High-temperature decomposition chemistry of trimethylsiloxane surfactants, a potential Fluorine-Free replacement for fire suppression

Per-and polyfluoroalkyl substances (PFAS) have become global environmental contaminants due to being notori-ously difficult to degrade, and it has become increasingly important to employ suitable PFAS alternatives, especially in aqueous film-forming foams (AFFF). Trimethylsiloxane (TriSil) surfactants are potential fluorine-free replacements for PFAS in fire suppression technologies.

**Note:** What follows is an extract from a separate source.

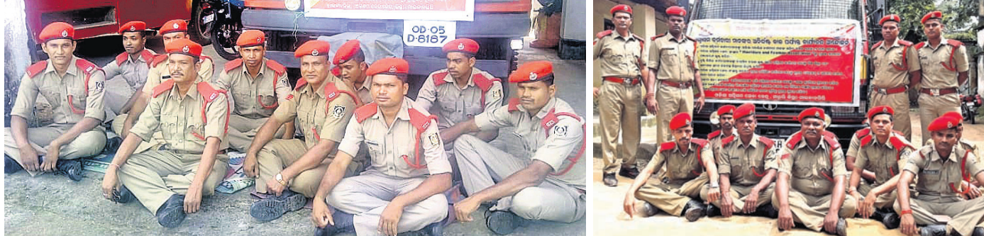
ମାଲକାନଗିରି ଓ ମାଥିଲିରେ ଅଗ୍ନିଶମ ସେବା କର୍ମଚାରୀମାନେ ଧାରଣାରେ ବସିଛନ୍ତି ।

ମାଲକାନଗିରି, ୨୪।୯ (ଡି.ଏନ୍.ଏ.) ବନ୍ୟା, ବାତ୍ୟା, ଅଗ୍ନିକାଣ୍ଡ ସମୟରେ ଲୋକଙ୍କ ଧନକ୍ଷୟ ରକ୍ଷା କରୁଥିବା ଏବଂ ଉଦ୍ଧାର କାର୍ଯ୍ୟ କରୁଥିବା ଅଗ୍ନିଶମ କର୍ମଚାରୀମାନେ ଯୋଗଦାନଠାରୁ ରାଜ୍ୟବ୍ୟାପୀ କାର୍ଯ୍ୟ ବନ୍ଦ ଆନ୍ଦୋଳନ ଆରମ୍ଭ କରିଛନ୍ତି । ମାଲକାନଗିରି ଜିଲ୍ଲାର ୪୦୦ ଉର୍ଦ୍ଧ୍ୱ ଅଗ୍ନିଶମ କର୍ମଚାରୀ ଏହି ଆନ୍ଦୋଳନରେ ସାମିଲ ହୋଇଛନ୍ତି । କର୍ମଚାରୀମାନେ ରାଜ୍ୟ ସରକାରଙ୍କୁ ସେମାନଙ୍କର ଧନ୍ୟା ଦିବିନ ଦାବି ପୂରଣ ନେଇ ପୂର୍ବରୁ ଜଣାଇଥିଲେ । ଗତବର୍ଷ କଳାବ୍ୟାଜ୍ ପରିଧାନ କରି ପ୍ରତିବାଦ ଜଣାଇଥିଲେ । ମାତ୍ର ସରକାର ସେମାନଙ୍କ ଦାବି ପୂରଣ ନ କରିବାକୁ ରାଜ୍ୟସଂସଦ ନିଷ୍ପତ୍ତି ଅନୁଯାୟୀ କର୍ମଚାରୀମାନେ କାର୍ଯ୍ୟକ୍ଷୟ ସମ୍ମୁଖରେ ବସି ଆନ୍ଦୋଳନ କରିଛନ୍ତି । ଅଗ୍ନିଶମ କର୍ମଚାରୀଙ୍କ ଦାବିକୁ ନିଜ ମଧ୍ୟରେ ପୋଲିସ୍ କର୍ମଚାରୀମାନଙ୍କ ସହିତ ସମାନ ଦରମା ଓ ଭତ୍ତା ଯୋଗାଇଦେବା, ଅଗ୍ନିଶମ ସେବାସଂସ୍ଥାର ହାବିଲଦାର, ଫାୟାରମ୍ୟାନ ଆସୋସିଏସନକୁ ରୁଚକ ସରକାରୀ ପୁଞ୍ଜୀକୃତ କରିବା, ନୁହେଁକିଲ କର୍ମଚାରୀମାନଙ୍କୁ ନିୟମିତ ଦରମା, କର୍ମଚାରୀମାନଙ୍କୁ ନିଜ ଜିଲା ଓ ଆବଶ୍ୟକ ସ୍ଥଳେ ନିକଟସ୍ଥ ଜିଲାରେ ନିଯୁକ୍ତି କରିବା, ଅଗ୍ନିଶମ ସେବା ସଂସ୍ଥାରୁ ଅବସର ଗ୍ରହଣ କରିଥିବା କର୍ମଚାରୀମାନଙ୍କୁ ରୁଚକ ପେନସନ ଓ ଅବସରକାଳୀନ ପ୍ରାପ୍ୟ ପ୍ରଦାନ କରିବା, ଅନ୍ୟ ସରକାରୀ କର୍ମଚାରୀମାନଙ୍କ ଭଳି ଅଗ୍ନିଶମ କର୍ମଚାରୀଙ୍କୁ ଘଣ୍ଟା ବ୍ୟବସ୍ଥାରେ ପୁରସ୍କରଣ କରିବା, ଅଗ୍ନିଶମ ସେବା ସଂସ୍ଥାରେ ଖାଲିପଡ଼ିଥିବା ପଦବୀଗୁଡ଼ିକୁ ରୁଚକ ପୂରଣ କରିବା ଆଦି ରହିଛି । ପ୍ରକାଶ ଆଇ କି ପୁରୁଷେନ ପୂର୍ବରୁ ମାଲକାନଗିରି ଜିଲାରେ ଯେଉଁ ବନ୍ୟା ପରିଚ୍ଛେଦ ସୃଷ୍ଟି ହୋଇଥିଲା ସେହି ସମୟରେ

Yet because these compounds may be more susceptible to high-temperature decomposition, it is necessary to assess the potential environmental impact of their thermal degradation products. Our study analyzes the high-temperature degradation of a truncated trimethylsiloxane (TriSil-1n) surfactant based on quantum mechanical methods. The degradation chemistry of TriSil-1n was studied through radical formation and propagation initiated from two prominent pathways (unimolecular and bimolecular reactions) at both 298 K and 1200 K, a relevant temperature in flames and thermal incinerators. Regardless of the pathway taken and temperature, all radical intermediates stemmed from the polyethylene glycol chain and primarily formed stable poly-dimethylsiloxanes (PDMS) and small organics such as ethylene, formaldehyde, and acetaldehyde, among other products. The major degradation products of TriSil-1n resulting from high-temperature thermal degradation as predicted by this study would be relatively less harmful to the environment compared to PFAS incineration/com-bustion products from previous research, supporting the replacement of PFAS with TriSil surfactants.

Automated summary

This study analyzed the high-temperature degradation of a truncated trimethylsiloxane (TriSil-1n) surfactant and found that the degradation products of TriSil-1n are relatively less harmful to the environment compared to PFAS incineration/combustion products from previous research, supporting the replacement of PFAS with TriSil surfactants.